Director Cha tapped the tablet screen restlessly, his expression simmering, and shot another glare at the Sinju who had conked out again.
“This is no time to be picky.”
Director Cha ground his back teeth and kept tapping the screen with a troubled, anxious look.
“Before he causes any more trouble — we need to find it. The leash for this disaster.”
His instinct could be wrong, of course.
But somehow, he’d liked him.
Those eyes — detached and hollow, as if he had nothing left to lose and didn’t care about anything at all.
**
After confirming Sinju was gone, the place Moon Heesung headed without any particular plan was a columbarium on the outskirts of Seoul. Without so much as a jacket in the cold night, he walked all the way there on foot and bought a single chrysanthemum from the stand at the park entrance.
Late in the small hours of the morning. Deep into the night with even the lights dim. Moon Heesung crossed the empty lobby. And then — to the far corner, somewhere in the back, where his brother was. No photograph. Nothing ornate or elaborate. Just three characters of a name on a cremation urn.
Moon Huijae.
Moon Heesung had two brothers. Moon Huijae — his blood brother. And Yoo Sinju — the neighborhood kid with no shared blood.
Moon Huijae had grown up with a mother who’d run away and a violent father, and being beaten from such a young age had left him extremely frail. Unlike Heesung, who’d at least had a mother in his early childhood, his younger brother had never once seen their mother’s face. She’d left the moment she gave birth to the second child. A father who failed at every business venture and brought ruin to the family — and then took it out on his young children — was the only guardian the brothers had ever known. Because of that, Moon Heesung had been out earning money from a young age, and even in the brief moments he was away, young Moon Huijae always came back covered in wounds.
“I’m here, Moon Huijae.”
Seeing his brother — just a little past ten years old — turn up with a face full of bruises and cuts sent a rage through Moon Heesung that he couldn’t contain. But even for Heesung, who had been a high schooler at the time, their large-framed father was no easy opponent. He’d stand up to him and demand he leave his brother alone, but their father was stronger, bigger, and crueler.
“…It’s been way too long since I last came.”
More than ten years. Since his brother died.
Heesung smiled faintly and added:
“Saw that little kid today.”
He sank down to the floor with the exhaustion of someone who’d been running on empty, and let another face drift into his mind.
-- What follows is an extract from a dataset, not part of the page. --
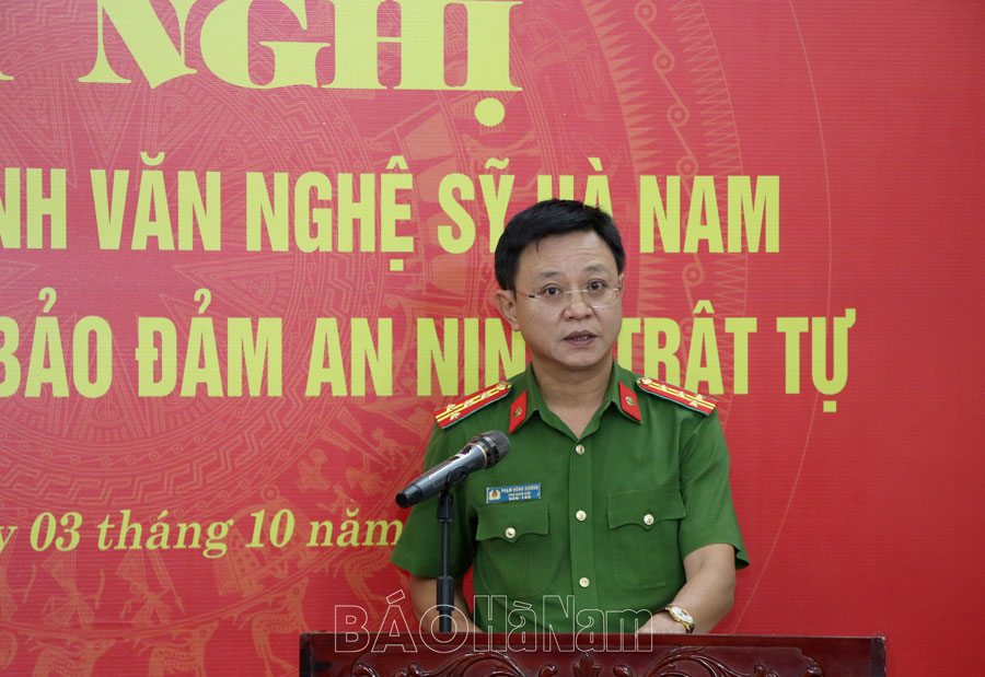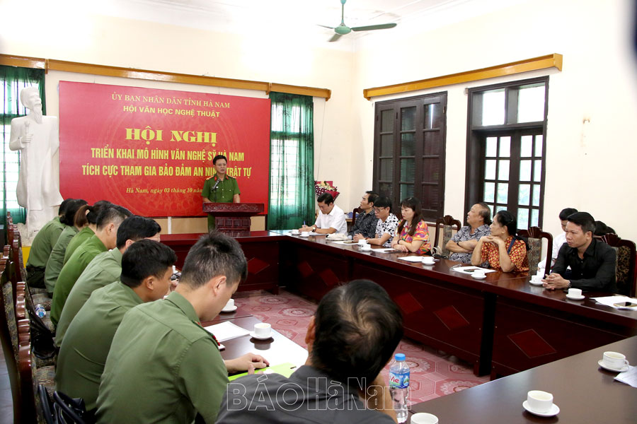 Phát biểu tại hội nghị, lãnh đạo Công an tỉnh Hà Nam đánh giá cao việc tổ chức triển khai mô hình của Hội VHNT. Để mô hình hoạt động hiệu quả, phát huy tốt vai trò, trách nhiệm của văn nghệ sỹ trong thực hiện nhiệm vụ bảo vệ an ninh quốc gia, giữ gìn trật tự an toàn xã hội, lãnh đạo Công an tỉnh đề nghị: Hội VHNT tổ chức quán triệt, phổ biến, tuyên truyền các tiêu chí, nội dung, biện pháp, ý nghĩa thiết thực của mô hình đến cán bộ, hội viên nhằm thúc đẩy sáng tác những tác phẩm VHNT có nội dung định hướng dư luận, vận động nhân dân tham gia xây dựng tỉnh giàu đẹp, văn minh; hội, các chi hội, câu lạc hội trực thuộc hội làm tốt công tác phối hợp thông tin với công an các đơn vị, địa phương trong tỉnh, kịp thời nhận diện, đấu tranh chống quan điểm sai trái, thù địch, lên án hành vi tiêu cực.

Moon Huijae had been not only frail from all the beatings but also developmentally behind his peers in terms of intellect. Unlike Heesung, his growth had been slow — his speech too. He was a child Heesung couldn’t afford to leave unprotected. His one and only brother. A pitiful kid abandoned by both parents. A child who might not have survived at all without him.
So naturally he’d been a target in the neighborhood too. He was known as the stutterer, the beggar with no mother, the ragamuffin who got beaten. Whenever Heesung came home and Huijae wasn’t there, he always went to the neighborhood playground to look for him. And he’d always find him surrounded by kids bigger than him, being tormented.
Huijae!
The moment his older brother Moon Heesung showed up, the neighborhood kids would scatter and run. Because unlike his dumb, pitiful little brother, their hyung was the scariest one in the whole neighborhood. Having been beaten by their father just as much as Huijae, and mocked by his peers just as much — Moon Heesung had been hardened by it all, and where his brother had been born weak, Heesung was the opposite: relentlessly tough. He was notorious for fighting back against the father who kicked him around, and for turning around and beating up the older kids and peers who’d tried to bully him.